この記事で書いた辛い時期の経験こそ、いじわるな神様の最大の祝福だったと思います。

わたしは、他の人が簡単にできる色んなことが、全然できない、という面もあります。

でも、ヨガに関してだけは、「実践してきたよ」と言える自信があります。
・・・今振り返れば、最後の自殺未遂からたった1年後には、社会人サークルを立ち上げて運営に関わっていたんだから、
ほんと、進んでいないと思っていたのは自分だけだったのかもしれない(笑)

誰も助けてくれない。私が、わたしを救い出さなきゃ。
そう思って、確かに私は努力しました。
今の私では、とても当時の私に頭が上がらない。
不安に立ち向かい、勇気を振り絞って、家から出ていた。

毎日、毎日、不安に押しつぶされそうになりながら、
瞑想をして気持ちを少しでも切り替えて、そして勇気を出していた。
実際の行動は小さなものだけれど、そこに注いだエネルギーはどれほどのものであったことか。

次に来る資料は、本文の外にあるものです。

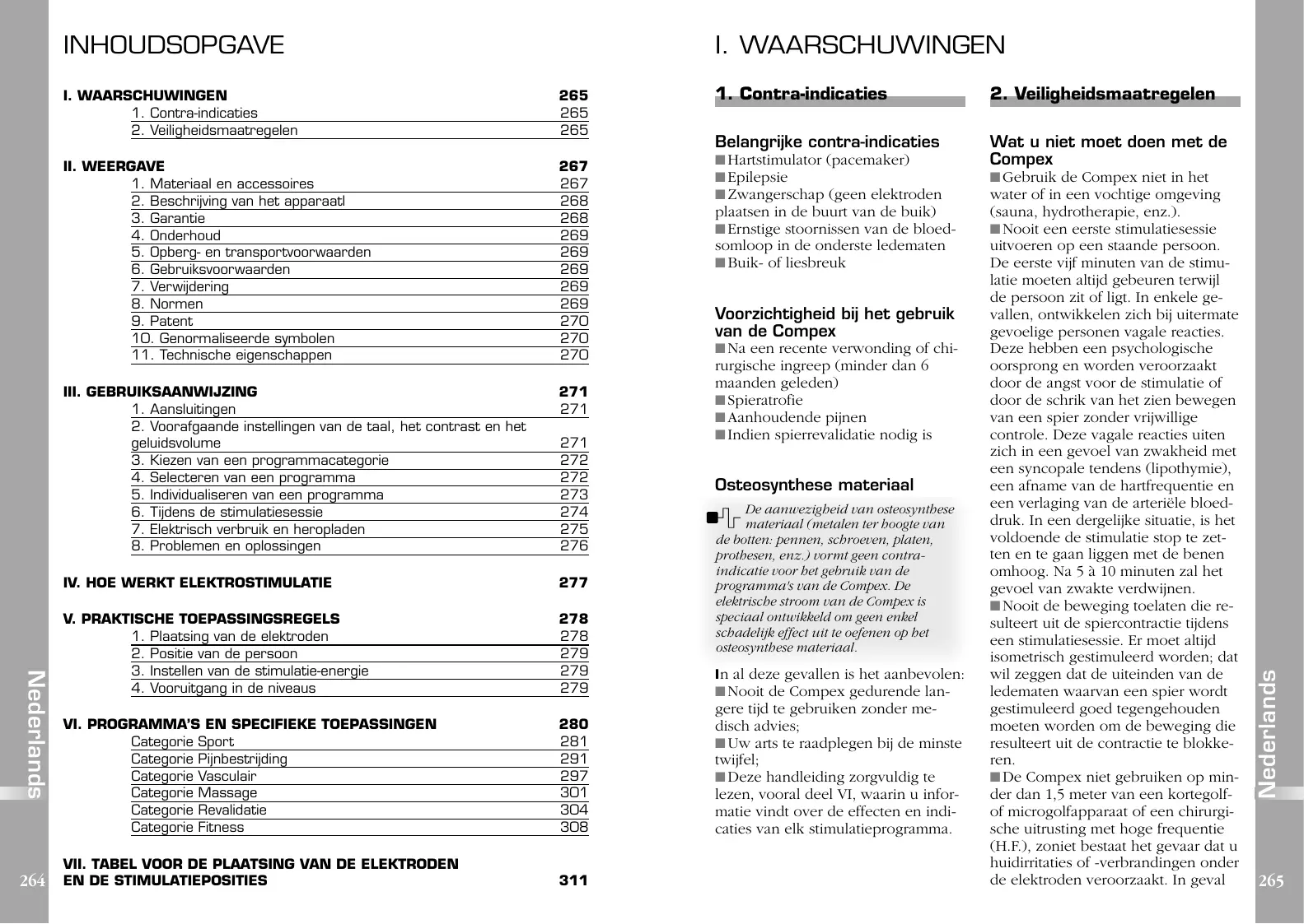 al deze gevallen is het aanbevolen: ■ Nooit de Compex gedurende lan- gere tijd te gebruiken zonder medisch advies; ■ Uw arts te raadplegen bij de minste twijfel; ■ Deze handleiding zorgvuldig te lezen, vooral deel VI, waarin u informatie vindt over de effecten en indicaties van elk stimulatieprogramma. ■ Gebruik de Compex niet in het water of in een vochtige omgeving (sauna, hydrotherapie, enz.). ■ Nooit een eerste stimulatiesessie uitvoeren op een staande persoon. De eerste vijf minuten van de stimulatie moeten altijd gebeuren terwijl de persoon zit of ligt. In enkele gevallen, ontwikkelen zich bij uitermate gevoelige personen vagale reacties. Deze hebben een psychologische oorsprong en worden veroorzaakt door de angst voor de stimulatie of door de schrik van het zien bewegen van een spier zonder vrijwillige controle. Deze vagale reacties uiten zich in een gevoel van zwakheid met een syncopale tendens (lipothymie), een afname van de hartfrequentie en een verlaging van de arteriële bloeddruk. In een dergelijke situatie, is het voldoende de stimulatie stop te zetten en te gaan liggen met de benen omhoog. Na 5 à 10 minuten zal het gevoel van zwakte verdwijnen. ■ Nooit de beweging toelaten die resulteert uit de spiercontractie tijdens een stimulatiesessie. Er moet altijd isometrisch gestimuleerd worden; dat wil zeggen dat de uiteinden van de ledematen waarvan een spier wordt gestimuleerd goed tegengehouden moeten worden om de beweging die resulteert uit de contractie te blokkeren. ■ De Compex niet gebruiken op minder dan 1,5 meter van een kortegolfof microgolfapparaat of een chirurgische uitrusting met hoge frequentie (H.F.), zoniet bestaat het gevaar dat u huidirritaties of -verbrandingen onder de elektroden veroorzaakt. In geval Nederlands INHOUDSOPGAVE

でも、私が自分の足で立ち上がろうとして、一歩一歩を踏みしめることができたのは、
家族や、友人や、職場で出会った人たちの、支えがあったから。そして、見えない存在の支えも

確かに、わたしは頑張った。

でも、頑張れたのは、いつも、いつだって、たくさんの導きがわたしを守ってくれていたから、だと思います。